## WHAT THE TASK REQUIRES:
The answer should hold only the lines from the one containing "Introducing the Grey" through the one containing "Phong độ, lịch" in the entries below, copied exactly, without pictures.

## SUPPLIED ENTRIES:
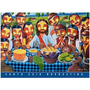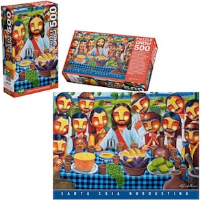 Descrição do produto : O baiano Eduardo Lima é um artista plástico, pintor e escultor autodidata, que se interessou pela arte desde os 8 anos de idade. Desenvolveu sua própria identidade no mundo artístico criando personagens inseridos na cultura do sertão nordestino. Já participou de exposições no Brasil e no exterior, obtendo várias premiações. Tem obras expostas na França, Itália, Inglaterra, Áustria, entre outros locais, além de trabalhos nacionais e internacionais, levando o nome do Brasil por onde passa! Descubra o fascínio do Puzzle de 500 Peças que captura a Santa Ceia Nordestina. Cada peça revela uma pintura marcante, com cores vibrantes e composições envolventes. Este quebra-cabeça não só oferece um desafio, mas também proporciona uma maneira única de apreciar a expressão artística nordestina. :
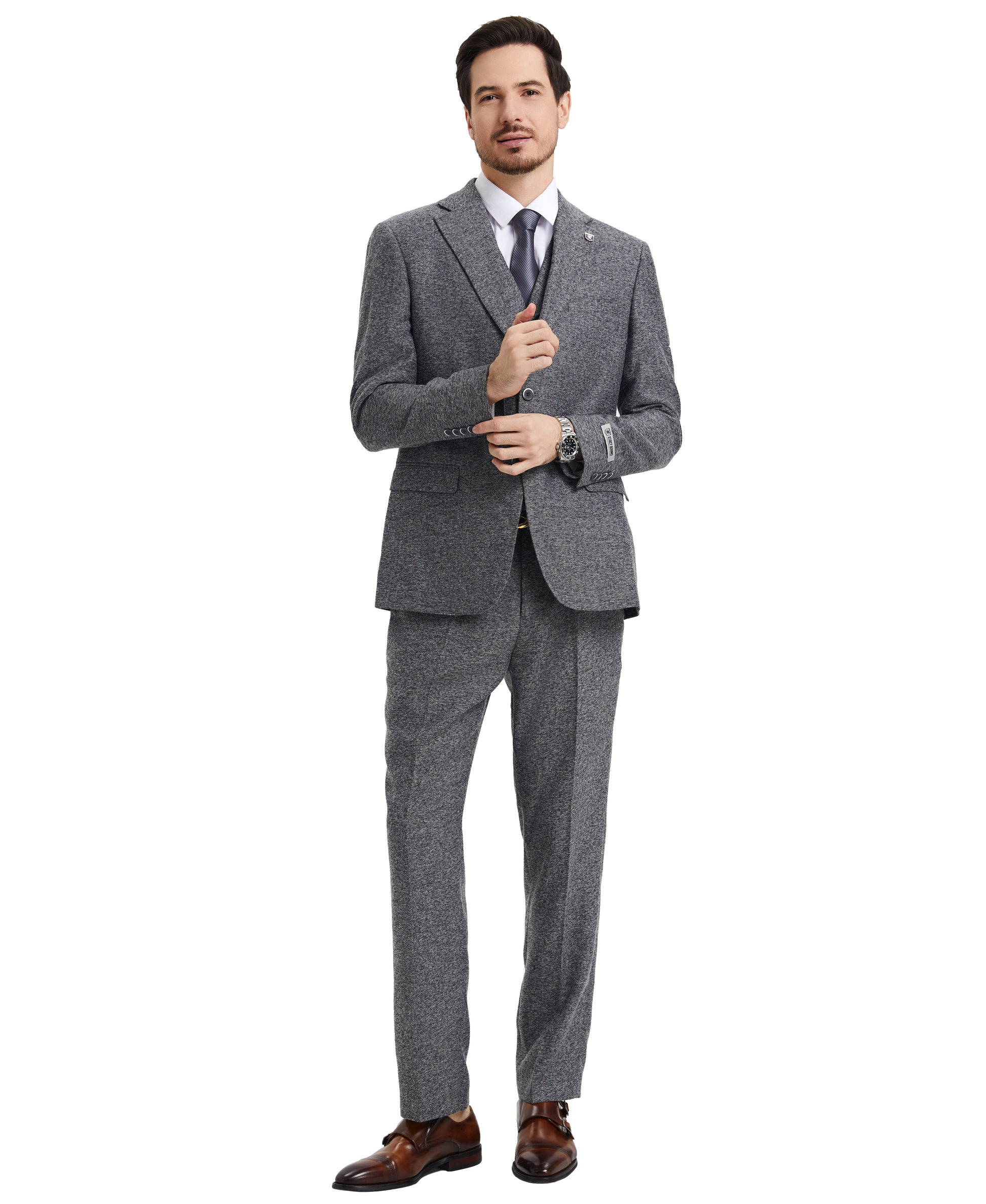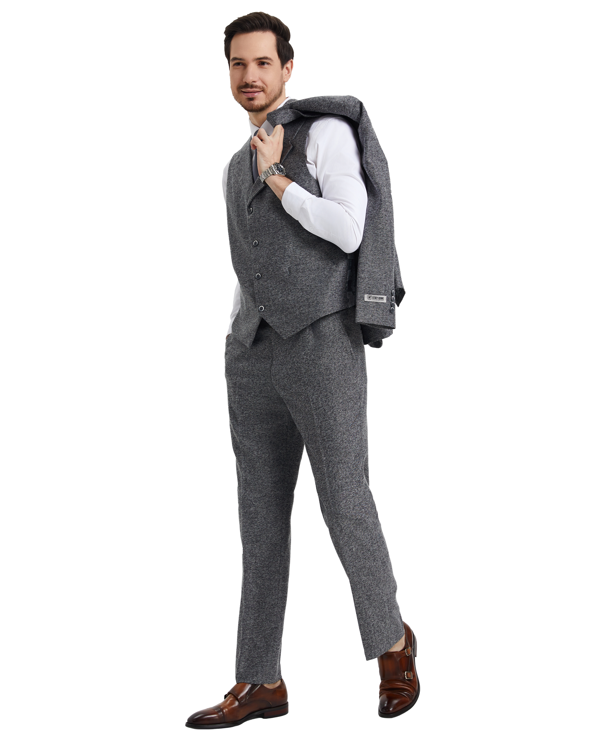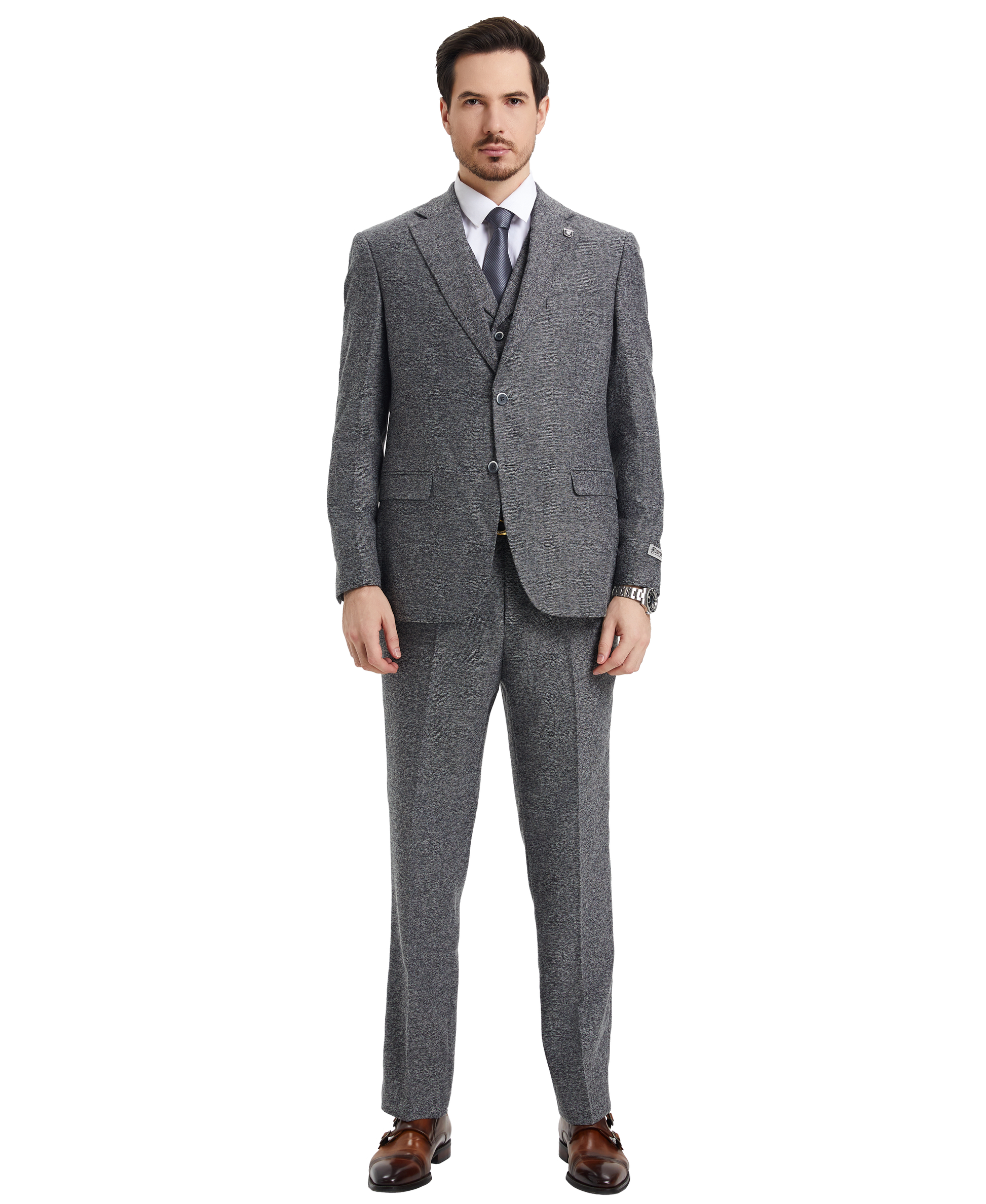 Introducing the Grey Tweed Hybrid-Fit Vested Suit from Stacy Adams. This 3-piece suit with a striking tweed texture is perfect for weddings, formal events, meetings, or evenings. The 2-button closure and notch lapels give a sleek, confident look. Flat front pants and 4-button vest offer versatile style. Timeless grey tweed elevates your wardrobe, expressing unique style. Impress any setting with this high-quality suit.
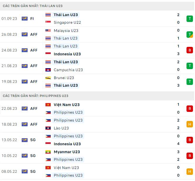 Phong độ, lịch sử đối đầu U23 Thái Lan vs U23 Philippines
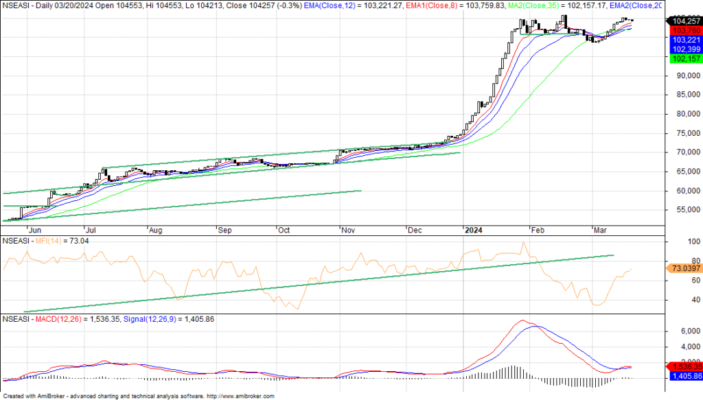Midweek’s trading started in the red and oscillated for the rest of the session, on profit taking hitting some stocks, while buying interest continue in some stocks. This situation pushed the NGX’s index to an intraday low of 104,212.90bps from its highs of 104,553.30bps, before closing below its opening figure at 104,256.8bps.
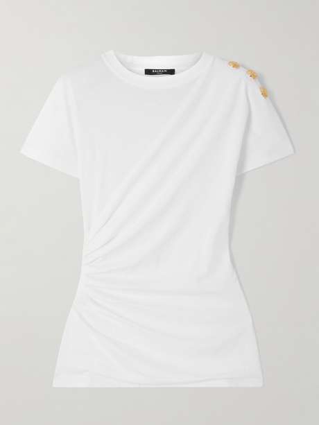 Ce T-shirt Balmain est immédiatement reconnaissable grâce à ses boutons dorés à tête de lion au niveau de l’épaule, l’une des signatures de la marque. Il est réalisé en jersey de coton et soigneusement drapé sur le devant. Au dos, vous verrez qu'il est imprimé d'une petite version du logo de la maison.
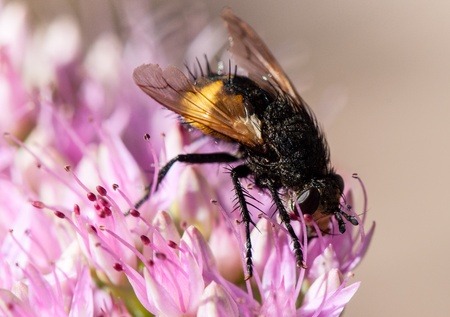 Close-up of a big fly on a flower
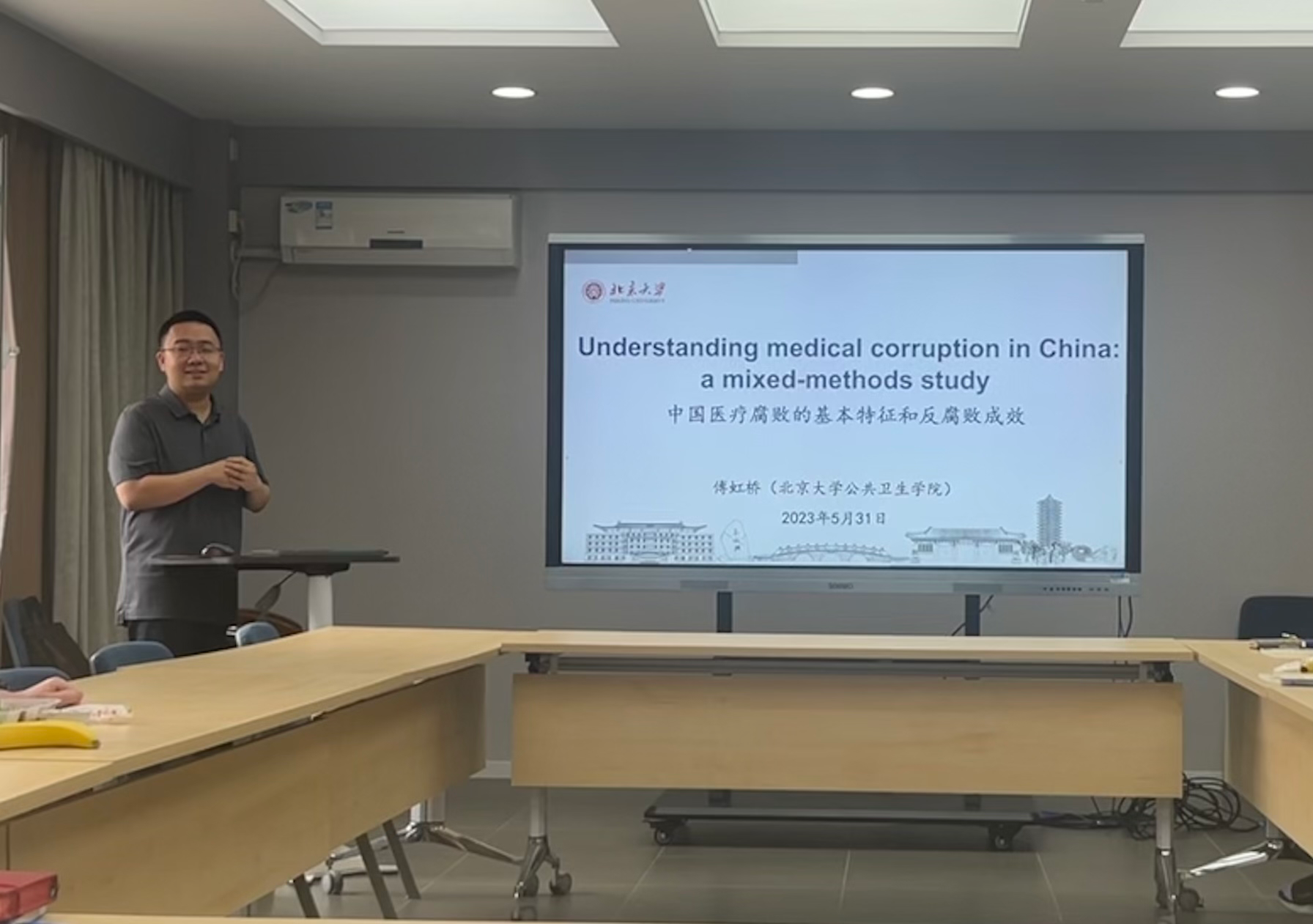 傅虹桥老师在报告中分享了对我国医疗卫生领域腐败特征、“反腐败”干预措施及其有效性等方面的研究心得,认为医疗卫生领域腐败严重影响广大人民群众的获得感和幸福感,对医疗系统会产生不良影响,应引起重视并开展深入的研究。报告中傅老师首先介绍了2012年以来我国政府开展的一系列打击医疗腐败干预举措;随后,傅老师以其最近发表在Health Policy Plan上文章为例,系统从驱动力量、关键角色、腐败行为、影响等方面分析了中国的医疗腐败现状,通过结合中国裁判文书网(CJO)提取的医疗腐败案件数据和中国健康与养老追踪调查(CHARLS)数据分析了我国医疗腐败的类型,并通过深度访谈分析了医疗腐败中的受贿、贪污和欺诈骗保的驱动因素以及对医疗系统的影响;最后,傅老师基于自己的研究成果,对新形势下如何抑制医疗腐败工作提出了政策建议。
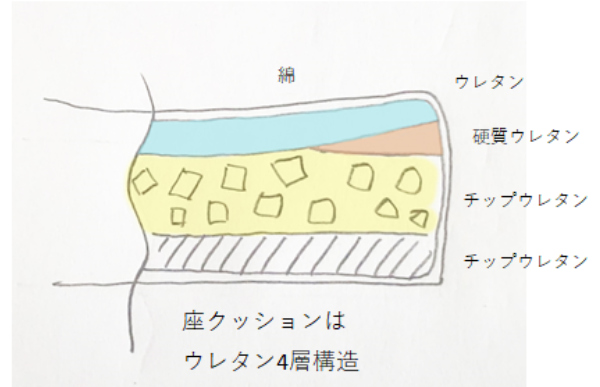 座クッションはウレタン4層構造になっているので座り心地も抜群です。
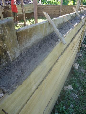 They removed wood from part of the school to temporarily hold the cement walls until they dried
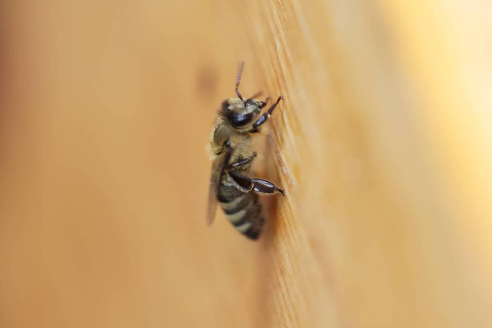 A honey bee sits on a box at the Vander Velde farm southwest of Rivers on Tuesday. (Tim Smith/The Brandon Sun)
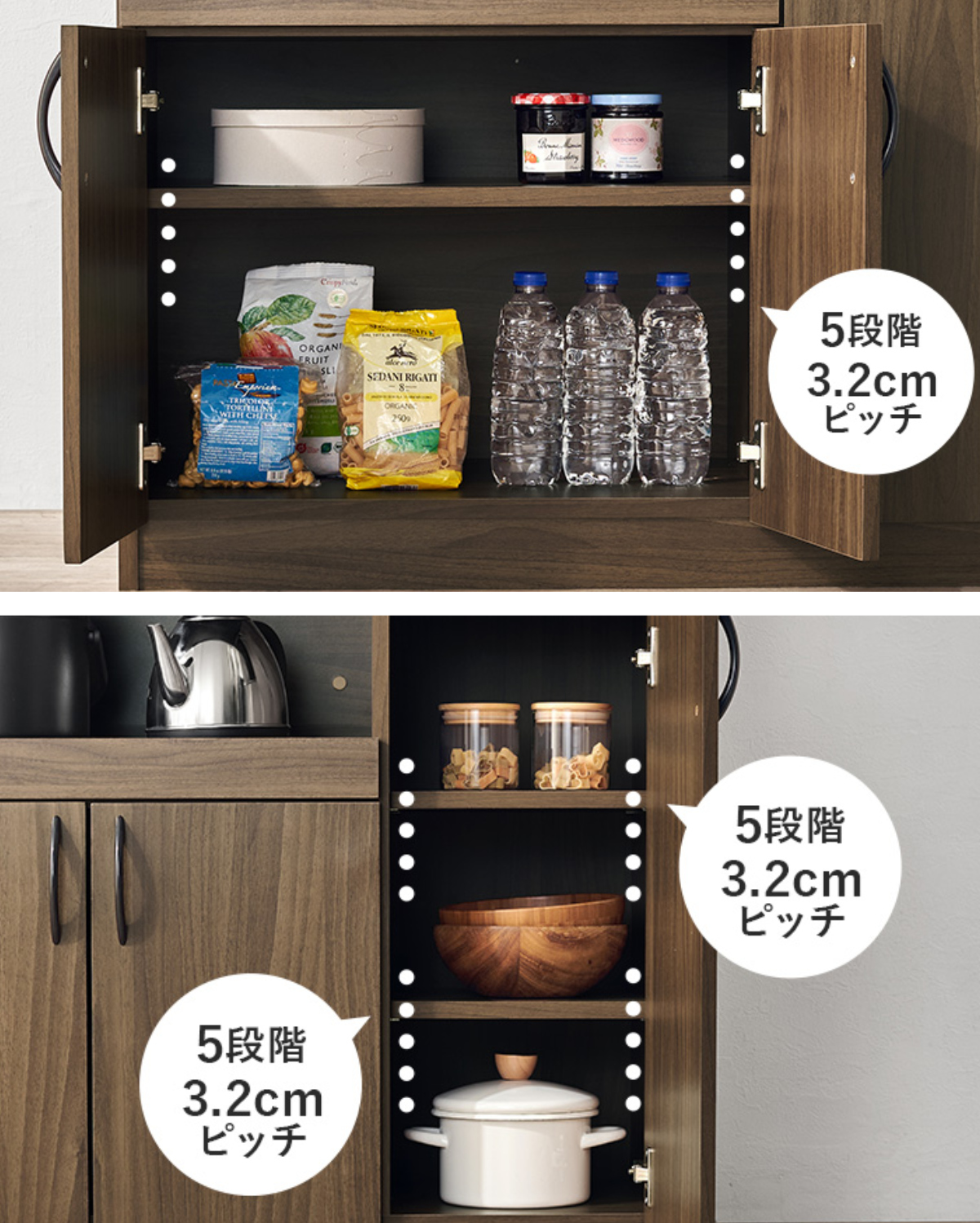 扉収納内各棚板:【3.2cmピッチ5段階】

## YOUR RESPONSE:
 Introducing the Grey Tweed Hybrid-Fit Vested Suit from Stacy Adams. This 3-piece suit with a striking tweed texture is perfect for weddings, formal events, meetings, or evenings. The 2-button closure and notch lapels give a sleek, confident look. Flat front pants and 4-button vest offer versatile style. Timeless grey tweed elevates your wardrobe, expressing unique style. Impress any setting with this high-quality suit.
 Phong độ, lịch sử đối đầu U23 Thái Lan vs U23 Philippines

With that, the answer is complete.